*Exercise brief*
Please give the whole listing again exactly, without any of its pictures.

*Data provided*
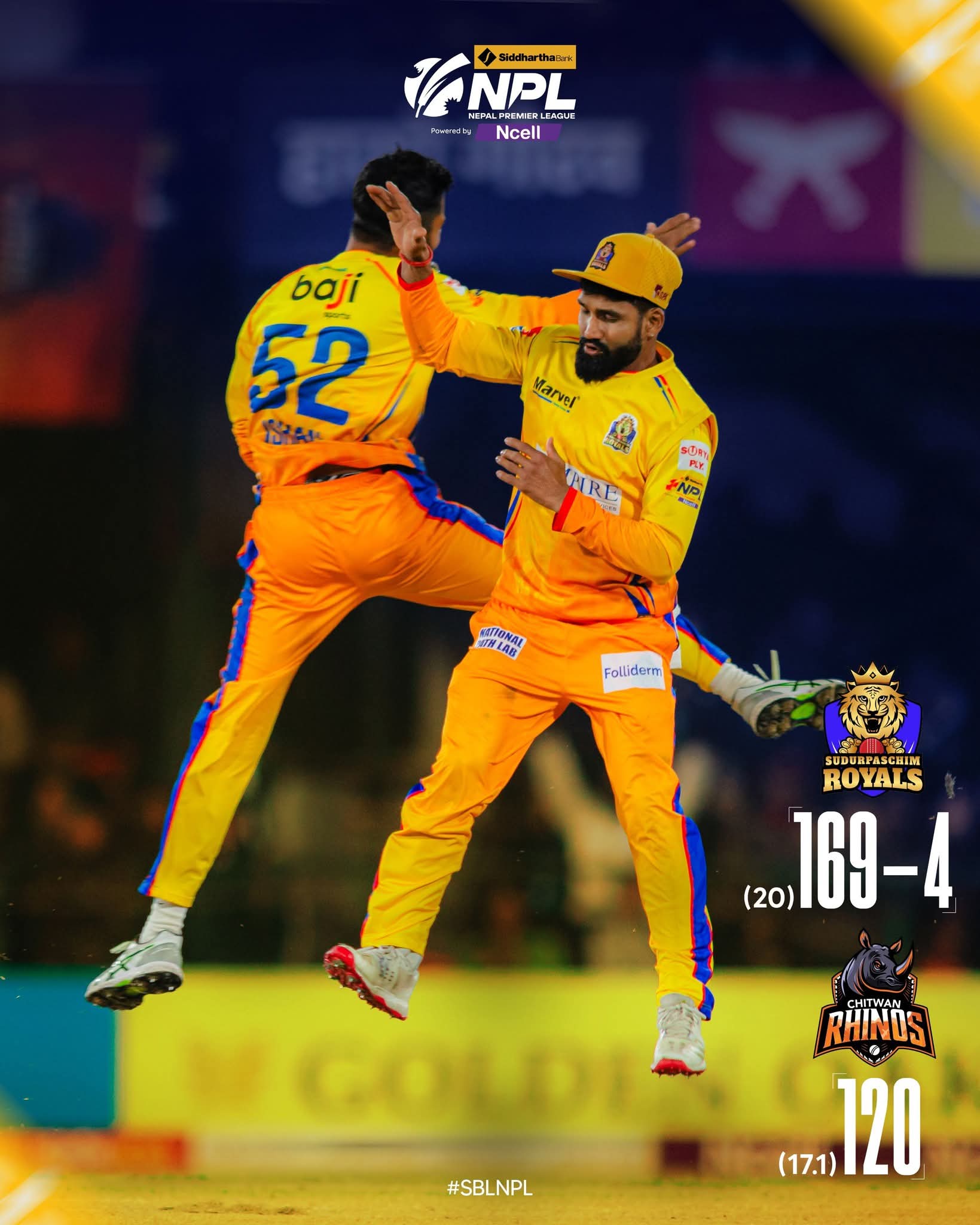 काठमाडौं । सुदूरपश्चिमले राेयल्सले चितवन राइनोजलाई ४९ रनले पराजित गर्दै सिद्धार्थ बैंक नेपाल प्रिमियर लिग (एनपीएल) को क्वालिफायर वान खेल्ने पक्का गरेको छ ।
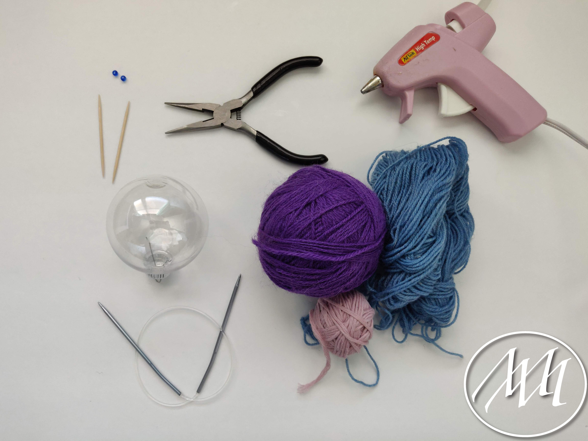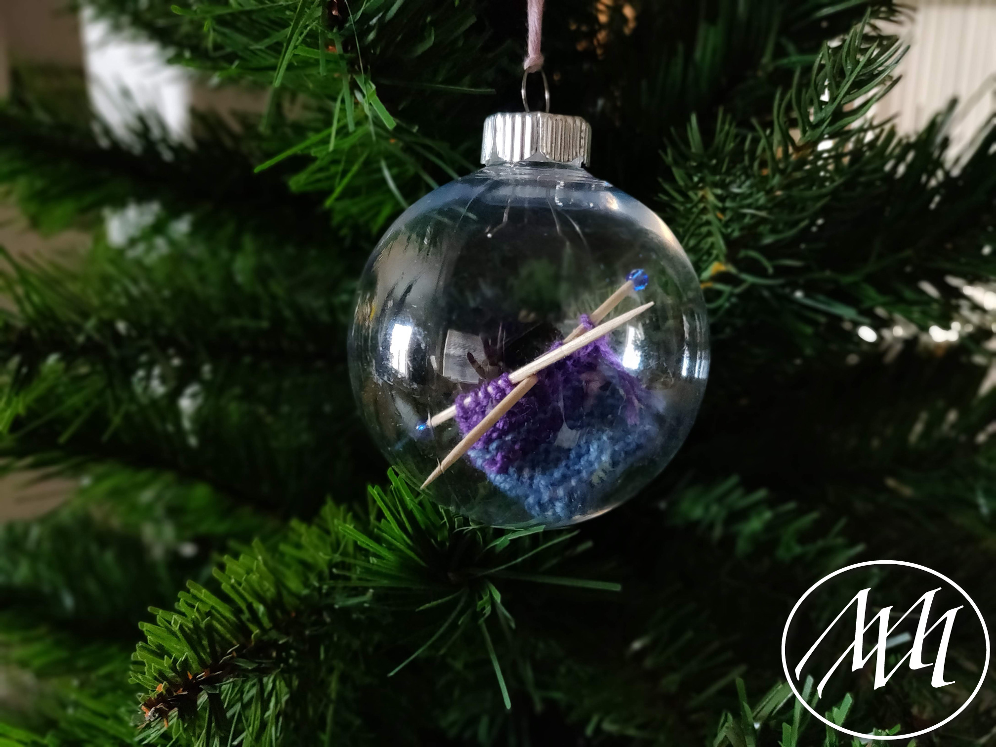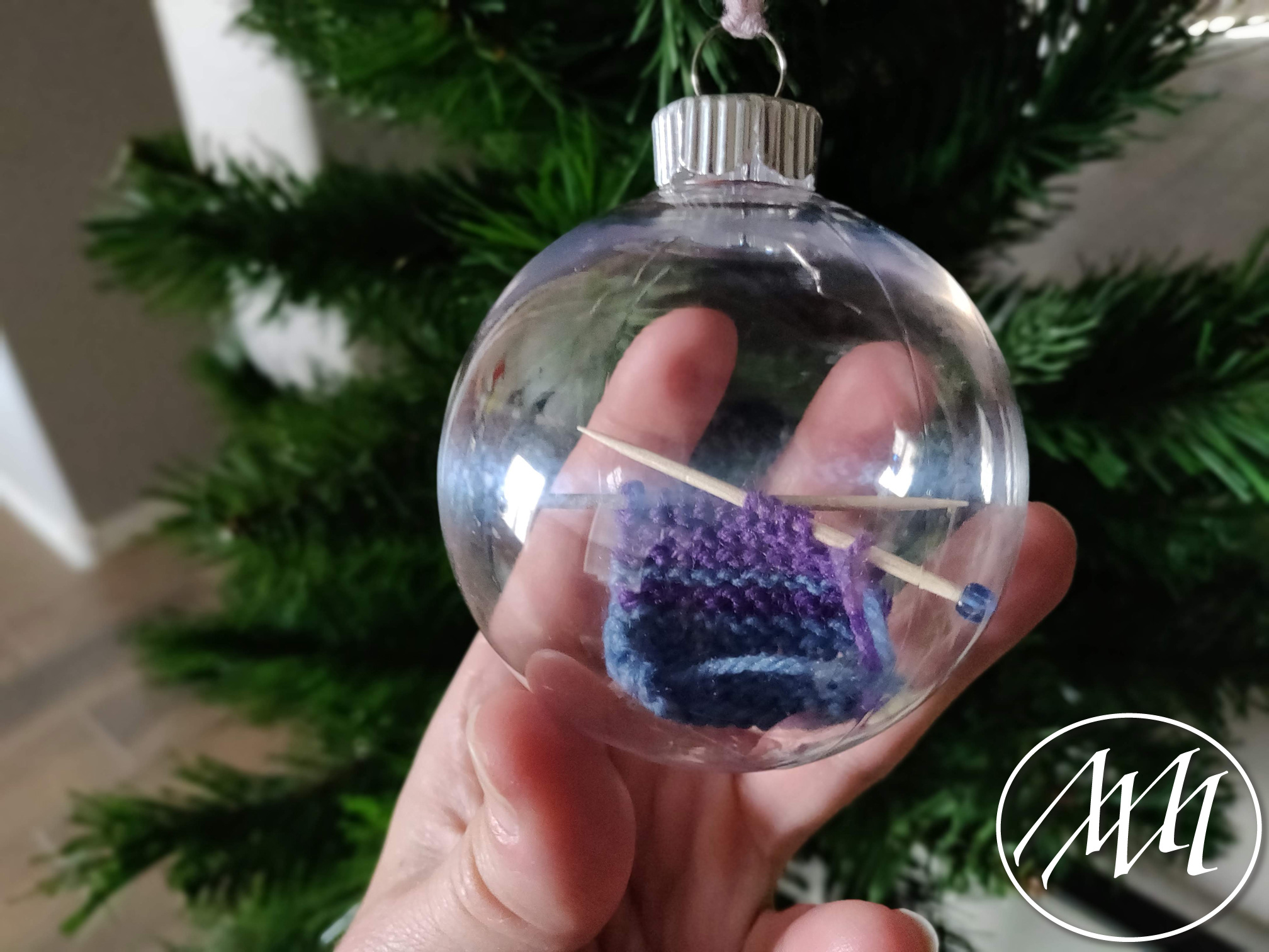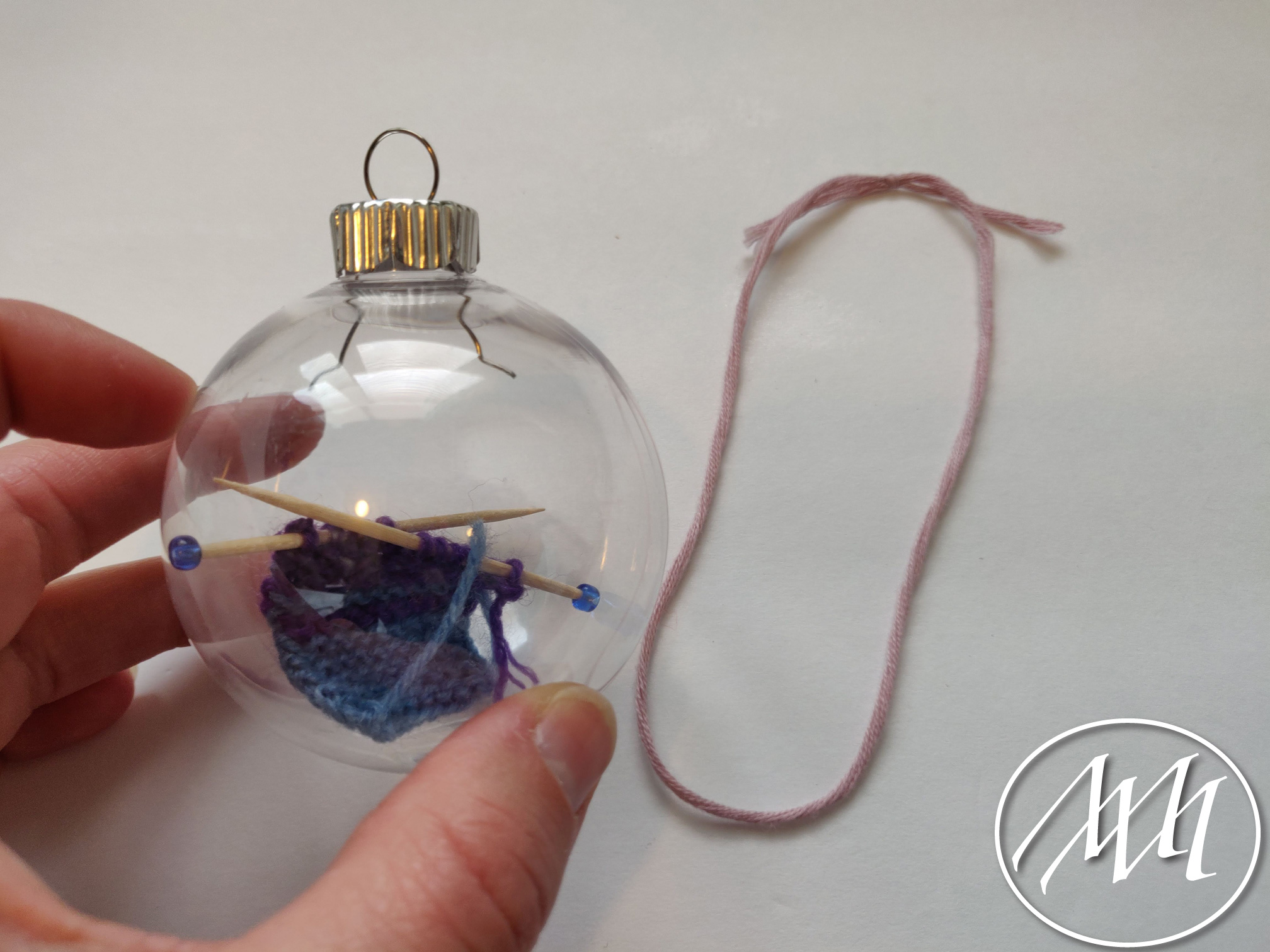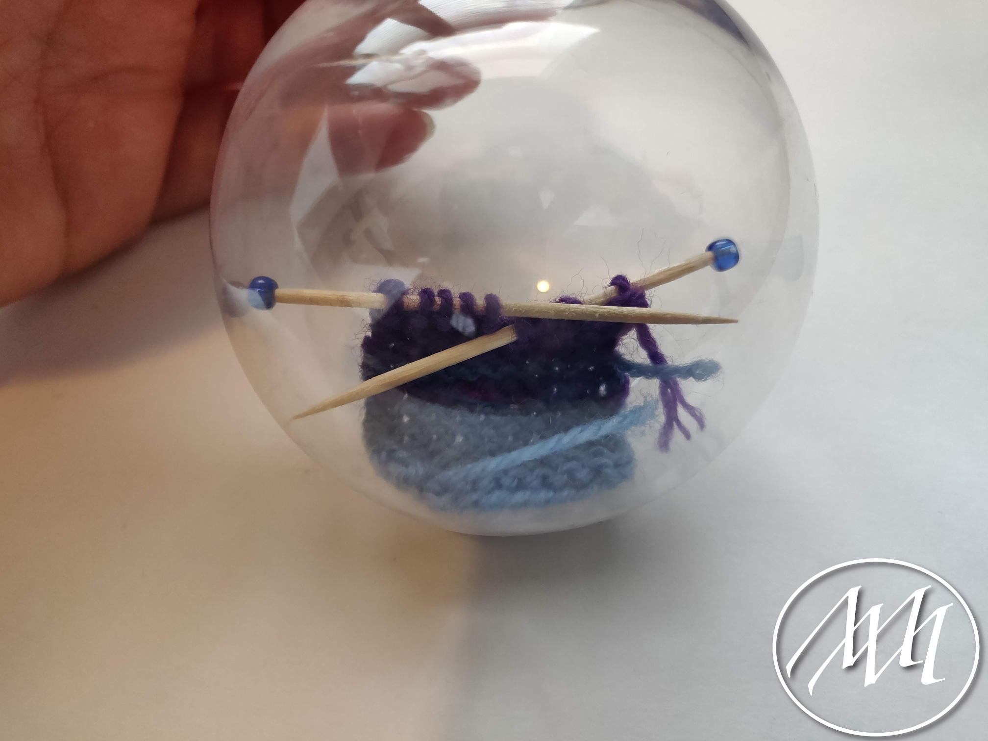 Roll up your knitting piece with the needles and put them inside your clear ornament. You may need to shake your ornament a little bit until it settles where you want it.
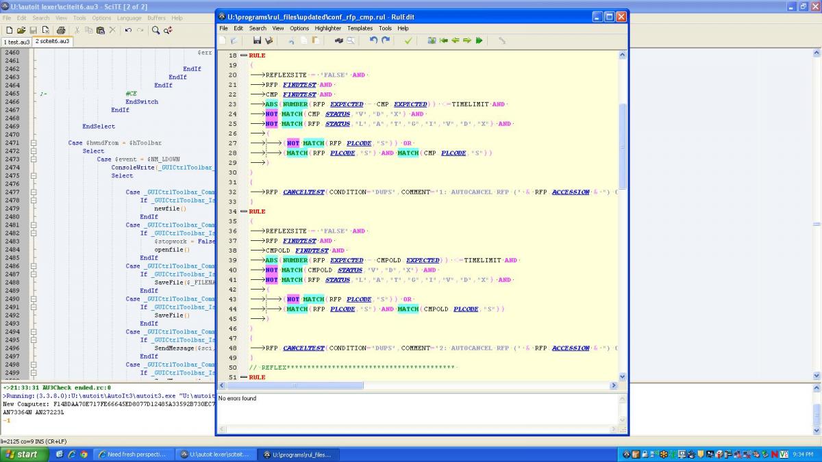 brycetech Posted February 23, 2012 Posted February 23, 2012 HiI implement Hospital Laboratory Information systems. The system we implement has a scripting language that is kind of a black art because there are no tools provided by the vendor which makes it easy to write scripts and verify they are correct. The compiler even missing some of the errors...and you have to upload and compile to use that. Its underutilized and while I write them, advanced scripts are hard to do without aid and lots of trial and error. ...so Ive been writing an editor. I took scintilla and made a new lexer...and have written a nice autoit program that will scan the files for basic proper syntax and I've been using it. But now I'm want to drill down on the details of the individual construction of the script that was written.I need some fresh input on how to perform a check of a function to verify that it is propery formatted. I got a lot of ideas from this topic:With that, I can pull the functions from the script and believe that I can then send them to a different stringregexp expression based on the number of variables that can be in each function.I wrote a regex that will pull all the comments out so I'm not messing with them$array = StringRegExp($string, "(?:[\/]{2}.+[\n])", 3);_ArrayDisplay($array)and I have one that will pull out the items within quotation marks$array = StringRegExp($string, "((?:[match]+^,\x22]|\x22[^\x22]*\x22)+)", 3)_ArrayDisplay($array)when I get all of this done I can pull the functions left with a variation from the link above which I) feel I can script into a loopLocal $aReturn = StringRegExp($string, '(?s)(?i)abs\s*\(\s*((?:.*?|\w+)\s*)\)', 3)_ArrayDisplay($aReturn)for instance will let me display the ABS() function contents.one short example from one of the scripts of code that I'm parsingRULE( CBCND.FINDTEST AND CBCD.FINDTEST AND ABS(NUMBER(CBCND.EXPECTED - CBCD.EXPECTED)) <=TIMELIMIT AND NOT MATCH(CBCD.STATUS,"V","D","X") AND NOT MATCH(CBCND.STATUS,"L","A","T","G","I","V","D","X") AND NOT MATCH(CBCND.PLCODE,"S") AND NOT CBCND.ANYTESTCOM("ORDER_CBCND_S")){ CBCND.CANCELTEST(CONDITION="DUPS", COMMENT="1: AUTOCANCEL CBCND ORDERED WITH CBCD");}which would be assigned to variable $string Local $array= StringRegExp($string, '(?s)(?i)match\s*\(\s*((?:.*?|\w+)\s*)\)', 3)_ArrayDisplay($array)gives me all the contents of the match functions.once all of this is done, I'm a bit lost on what to do with what is left. I need to verify that things are properly joined when needed (with AND, OR, NOT, &, -, +, =, >=, <=, *) and when & is used its a string, AND, NOT,OR is used between functions, and the remainder between numbers unless its =.but I'm still a little confused one how to handle what i get from that. As in the code above, functions can be within functions which complicates things.I'm hoping someone has some suggestions or experience on validating the construction of a function...much like compiling a program would do,but pre-compile.or maybe a function called "match" like this:func match($condition,$item) switch $condition case "" do something case else do something endswitch switch $item case "" do something case else do something endswitchendfuncthat means writing a function for each possible functionor maybe one function which has the function name in the variables that I pass.anyhow, I think I'm making it too complicated and overthinking it.a fresh idea or perspective or direction would be appreciated.TIABT
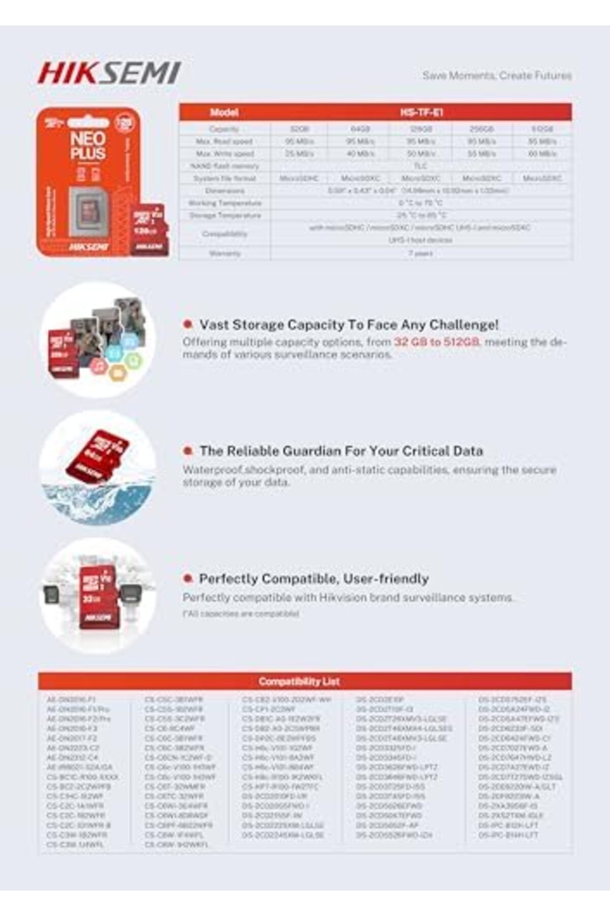 microSDXC 512 GB Kapasite 10 TLC 95 MB/sn'ye kadar okuma hızı, 60 MB/sn'ye kadar yazma hızı, V30 Yedi yıl garanti HS-TF-E1 512 GB Micro SD HS-TF-E1 512 GB Micro SD

*Result for this exercise*
 काठमाडौं । सुदूरपश्चिमले राेयल्सले चितवन राइनोजलाई ४९ रनले पराजित गर्दै सिद्धार्थ बैंक नेपाल प्रिमियर लिग (एनपीएल) को क्वालिफायर वान खेल्ने पक्का गरेको छ ।
 Roll up your knitting piece with the needles and put them inside your clear ornament. You may need to shake your ornament a little bit until it settles where you want it.
 brycetech Posted February 23, 2012 Posted February 23, 2012 HiI implement Hospital Laboratory Information systems. The system we implement has a scripting language that is kind of a black art because there are no tools provided by the vendor which makes it easy to write scripts and verify they are correct. The compiler even missing some of the errors...and you have to upload and compile to use that. Its underutilized and while I write them, advanced scripts are hard to do without aid and lots of trial and error. ...so Ive been writing an editor. I took scintilla and made a new lexer...and have written a nice autoit program that will scan the files for basic proper syntax and I've been using it. But now I'm want to drill down on the details of the individual construction of the script that was written.I need some fresh input on how to perform a check of a function to verify that it is propery formatted. I got a lot of ideas from this topic:With that, I can pull the functions from the script and believe that I can then send them to a different stringregexp expression based on the number of variables that can be in each function.I wrote a regex that will pull all the comments out so I'm not messing with them$array = StringRegExp($string, "(?:[\/]{2}.+[\n])", 3);_ArrayDisplay($array)and I have one that will pull out the items within quotation marks$array = StringRegExp($string, "((?:[match]+^,\x22]|\x22[^\x22]*\x22)+)", 3)_ArrayDisplay($array)when I get all of this done I can pull the functions left with a variation from the link above which I) feel I can script into a loopLocal $aReturn = StringRegExp($string, '(?s)(?i)abs\s*\(\s*((?:.*?|\w+)\s*)\)', 3)_ArrayDisplay($aReturn)for instance will let me display the ABS() function contents.one short example from one of the scripts of code that I'm parsingRULE( CBCND.FINDTEST AND CBCD.FINDTEST AND ABS(NUMBER(CBCND.EXPECTED - CBCD.EXPECTED)) <=TIMELIMIT AND NOT MATCH(CBCD.STATUS,"V","D","X") AND NOT MATCH(CBCND.STATUS,"L","A","T","G","I","V","D","X") AND NOT MATCH(CBCND.PLCODE,"S") AND NOT CBCND.ANYTESTCOM("ORDER_CBCND_S")){ CBCND.CANCELTEST(CONDITION="DUPS", COMMENT="1: AUTOCANCEL CBCND ORDERED WITH CBCD");}which would be assigned to variable $string Local $array= StringRegExp($string, '(?s)(?i)match\s*\(\s*((?:.*?|\w+)\s*)\)', 3)_ArrayDisplay($array)gives me all the contents of the match functions.once all of this is done, I'm a bit lost on what to do with what is left. I need to verify that things are properly joined when needed (with AND, OR, NOT, &, -, +, =, >=, <=, *) and when & is used its a string, AND, NOT,OR is used between functions, and the remainder between numbers unless its =.but I'm still a little confused one how to handle what i get from that. As in the code above, functions can be within functions which complicates things.I'm hoping someone has some suggestions or experience on validating the construction of a function...much like compiling a program would do,but pre-compile.or maybe a function called "match" like this:func match($condition,$item) switch $condition case "" do something case else do something endswitch switch $item case "" do something case else do something endswitchendfuncthat means writing a function for each possible functionor maybe one function which has the function name in the variables that I pass.anyhow, I think I'm making it too complicated and overthinking it.a fresh idea or perspective or direction would be appreciated.TIABT
 microSDXC 512 GB Kapasite 10 TLC 95 MB/sn'ye kadar okuma hızı, 60 MB/sn'ye kadar yazma hızı, V30 Yedi yıl garanti HS-TF-E1 512 GB Micro SD HS-TF-E1 512 GB Micro SD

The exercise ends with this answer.